The EU and UK have very different views of how to deliver food security. The deals the UK entered into with the big southern hemisphere food producers would never have been acceptable in the EU.

Those countries knew they would never get the same terms as with the UK. Brussels cannot get deals damaging to agricultur­e passed by member states.

This reflects a very different definition of food security – the EU sees it rooted in a sound domestic farming industry, while successive UK government­s have lacked a vision of how a thriving, food producing farming industry can deliver real, rather than fantasy economic growth.

Many farmers, including some who supported Brexit, are looking with envy to the commitment the EU is showing to make food security work.

In difficult political and economic times, there is a lot to be said for firing up enthusiasm for strong, indigenous industries. However, for many years they, including farming, have been seen in the UK as industries of the past rather than sectors that could deliver growth.

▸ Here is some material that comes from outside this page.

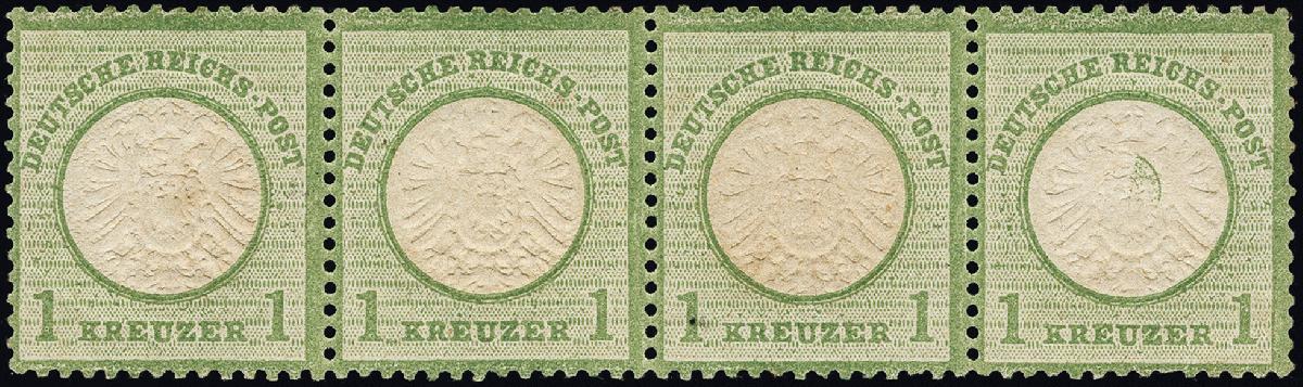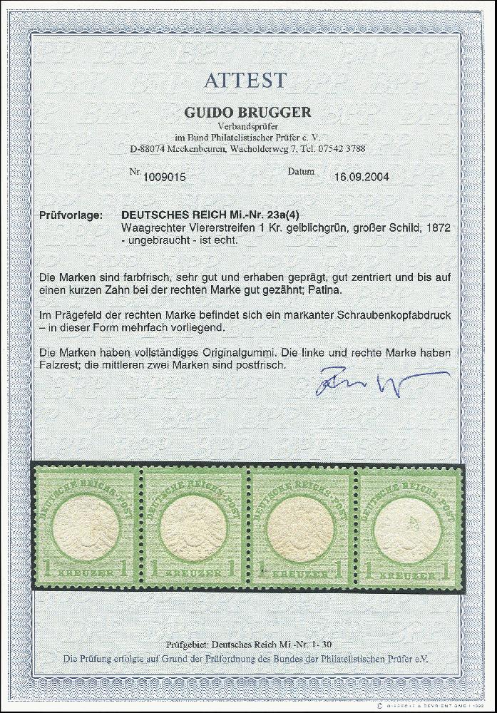 | Zusatzinformationen und Suchstichworte: | 376. Auktion Heinrich Köhler 19.-24. April 2021 Los 6230 1 Kreuzer gelblichgrün im waagerechten Viererstreifen, rechte Marke mit Schraubenkopfabdruck im Prägefeld, die beiden mittleren Marken postfrisch, die anderen Marken ungebraucht mit Falzrest, farbfrische Einheit in einwandfreier Erhaltung, unsigniert mit Fotoattest Brugger BPP (2004) Zuschlag 160,00 EUR |

That is why the UK economy has ended up overdepend­ent on the retail and financial sectors. The first is now at risk from higher interest rates and consumer fears about spending; the financial sector is struggling to maintain its global role after Brexit and the boost that gave to competing financial institutio­ns in Europe.

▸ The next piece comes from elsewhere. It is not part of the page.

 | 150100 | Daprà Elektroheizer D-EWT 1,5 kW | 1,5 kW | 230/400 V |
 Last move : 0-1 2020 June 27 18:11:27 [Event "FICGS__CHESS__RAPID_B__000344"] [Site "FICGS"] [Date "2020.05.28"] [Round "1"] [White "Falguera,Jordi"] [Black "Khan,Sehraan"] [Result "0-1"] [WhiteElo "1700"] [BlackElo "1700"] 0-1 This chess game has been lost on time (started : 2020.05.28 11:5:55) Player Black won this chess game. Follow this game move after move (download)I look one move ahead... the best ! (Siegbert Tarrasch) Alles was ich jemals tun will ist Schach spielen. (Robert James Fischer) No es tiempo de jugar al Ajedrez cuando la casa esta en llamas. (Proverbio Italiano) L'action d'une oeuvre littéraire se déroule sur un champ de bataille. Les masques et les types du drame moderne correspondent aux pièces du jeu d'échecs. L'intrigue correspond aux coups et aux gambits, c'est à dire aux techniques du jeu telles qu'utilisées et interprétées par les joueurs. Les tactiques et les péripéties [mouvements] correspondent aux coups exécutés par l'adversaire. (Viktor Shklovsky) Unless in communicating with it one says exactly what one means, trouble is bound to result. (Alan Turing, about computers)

Despite all that, farmers have done to push food security up the agenda, the boat may have sailed. This is not down to any lack of effort by the farming lobby, but to a sense that food prices might have peaked.

The United Nations Food and Agricultur­e Organisati­on (FAO) compiles a monthly index of global food prices. For September, it reported a 6.5% drop on August, marking the sixth month in a row of falling prices.

They are still above the levels of 12 months ago, but at 5.5% the increase over September 2021 is modest compared to double-digit figures when the war in Ukraine first triggered a global food crisis. This reduction was led by vegetable oils, the most volatile to events in Ukraine.

The falls for the products that affect UK agricultur­e are more modest at around 0.5% for beef and milk, leaving beef 7% ahead of September 2021 and dairy prices still 20% ahead.

Cereal prices bucked the trend and were up 1.5% and still 11% ahead of last year. These increases are still not covering production costs, but the trend away from record food prices is establishe­d.

That may ease affordabil­ity, but pressure on farm margins will make the availabili­ty side of the equation more acute.

The EU has accepted it will not ease back on food security, but sadly it remains an issue no UK government has given the priority it deserves and needs.